How to save 81 minutes per day on email

Daily Briefing

How to save 81 minutes per day on email

Email takes up 28% of the average professional’s workday, according to one analysis.

28%

of the average professional's workday is spent on email
of the average professional’s workday is spent on email

For the average U.S. worker, that amounts to 2.6 hours spent on reading and answering email per day, writes Matt Plummer, a productivity coach at Zarvana, for Harvard Business Review.

But you can save more than half of the time you currently spend on email (about 81 minutes) by cutting out time-wasting email habits, argues Plummer. He outlines a few ways we lose time to email—and how to get it back.

Save 21 minutes: Check your email hourly

On average, workers check their email 15 times per day, or every 37 minutes, writes Plummer. Even if you’re not checking your inbox, you likely read the notifications that pop up when an email comes in. Altogether, we end up constantly checking our email, getting distracted by notifications, and trying to regain our focus.

Instead, reserve up to eight minutes every hour to check your email, he recommends. And turn off inbox notifications so the pop-ups don’t break your focus, he adds.

Save 27 minutes: Move emails out of your inbox

120 emails

are received by the average professional each day

The average worker has more than 200 emails in their inbox—and receives 120 new ones each day, writes Plummer. This onslaught can quickly become overwhelming.

If people check their crammed inboxes every half hour, look at each email for four seconds (the average time it takes to preview an email), and re-read a tenth of their messages, they’ll lose up to 27 minutes each day, argues Plummer.

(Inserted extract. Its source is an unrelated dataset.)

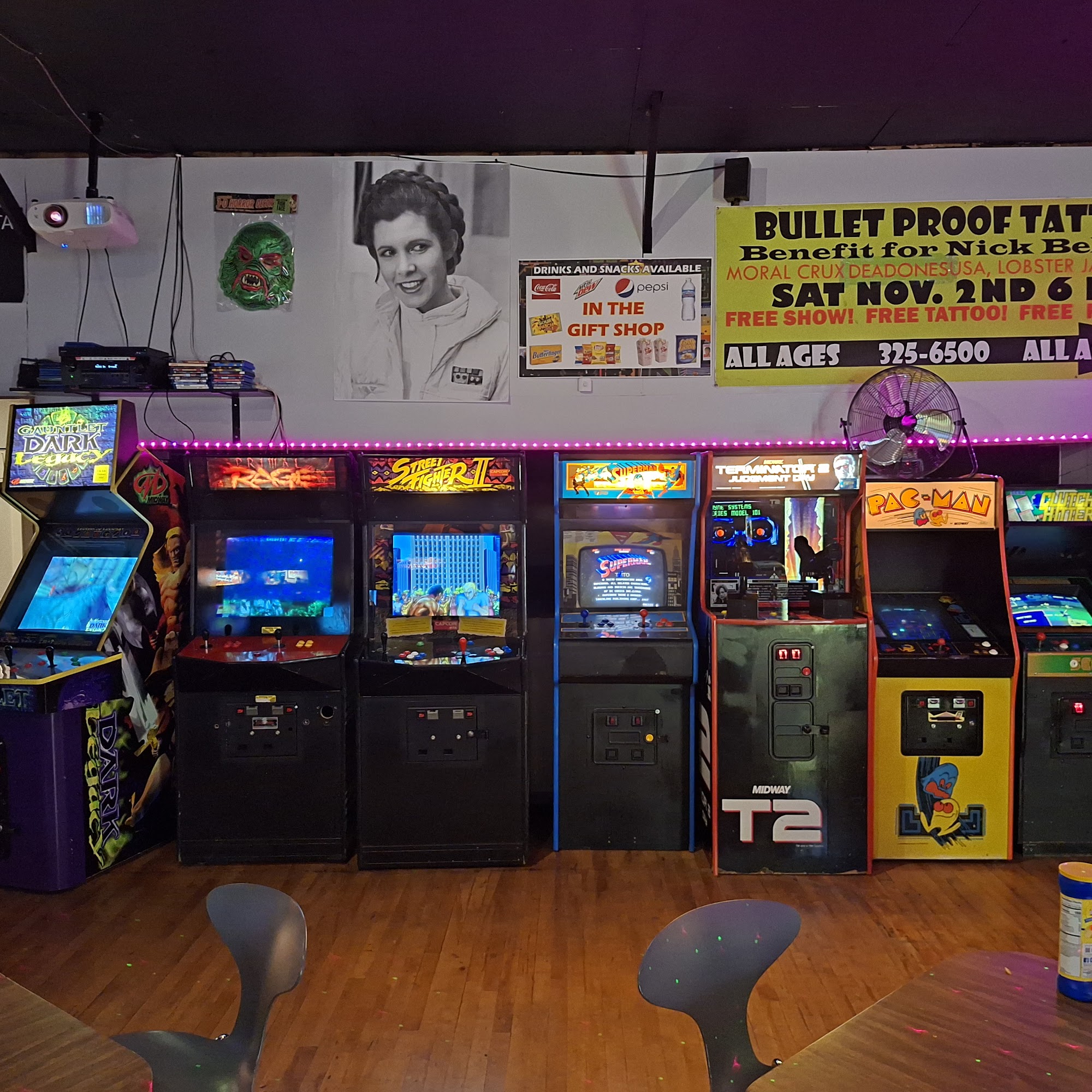 Pop culture museum, featuring 1 of a kind movie props, vintage toy display, movie posters and 155+arcade and pinball machines. registered Star Wars church. All ages $16.50 contribution all Machine set to Free play. also featuring low cost VR "Be Excellent"

To avoid getting lost in a full inbox, adopt a single-touch rule, he recommends. Archive or delete emails after your read them. For messages you want to respond to later, move it out of your inbox and onto a to-do list, he adds.

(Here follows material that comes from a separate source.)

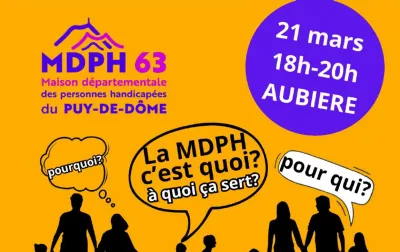 Présentation de la MDPH du Puy de Dôme par Sandrine Lacquit, directrice et Barbara Leroux, responsable accueil et communication. La conférence est organisée par l'Association des Malades et Handicapés (AMH) Entrée libre

Save 14 minutes: Use the search function

Save yourself additional time by using the search function to find emails, rather than browsing through your folders, writes Plummer. Browsing through folders to find an email is 9% slower than searching with a keyword, and 50% slower than searching with a common operator (e.g., from: [email protected]).

Save 11 minutes: Pare down your folders

10%

of the average professional's total email time is spent organizing their inbox
of the average professional’s total email time is spent organizing their inbox

People spend roughly 10% of their total email time organizing their emails, which involves deciding where emails should go and then moving them to the selected folder. The more folders you have to choose from, the longer the process takes.

The average worker has 37 email folders, but most people only require two: one for emails you read that require no further action and one for emails you might want to read later. When you pare down your folders, you’ll save the time you would have otherwise spent trying to decide where to file your messages, writes Plummer.

Save 8 minutes: Unsubscribe from irrelevant emails

Instead of just deleting irrelevant emails (like social media notifications), unsubscribe from them, Plummet recommends.

For emails you don’t want to (or can’t) unsubscribe from entirely, try creating filters that automatically delete the specific emails you don’t want, such as all replies to a specific email chain with the same subject line (Plummer, Harvard Business Review, 1/22).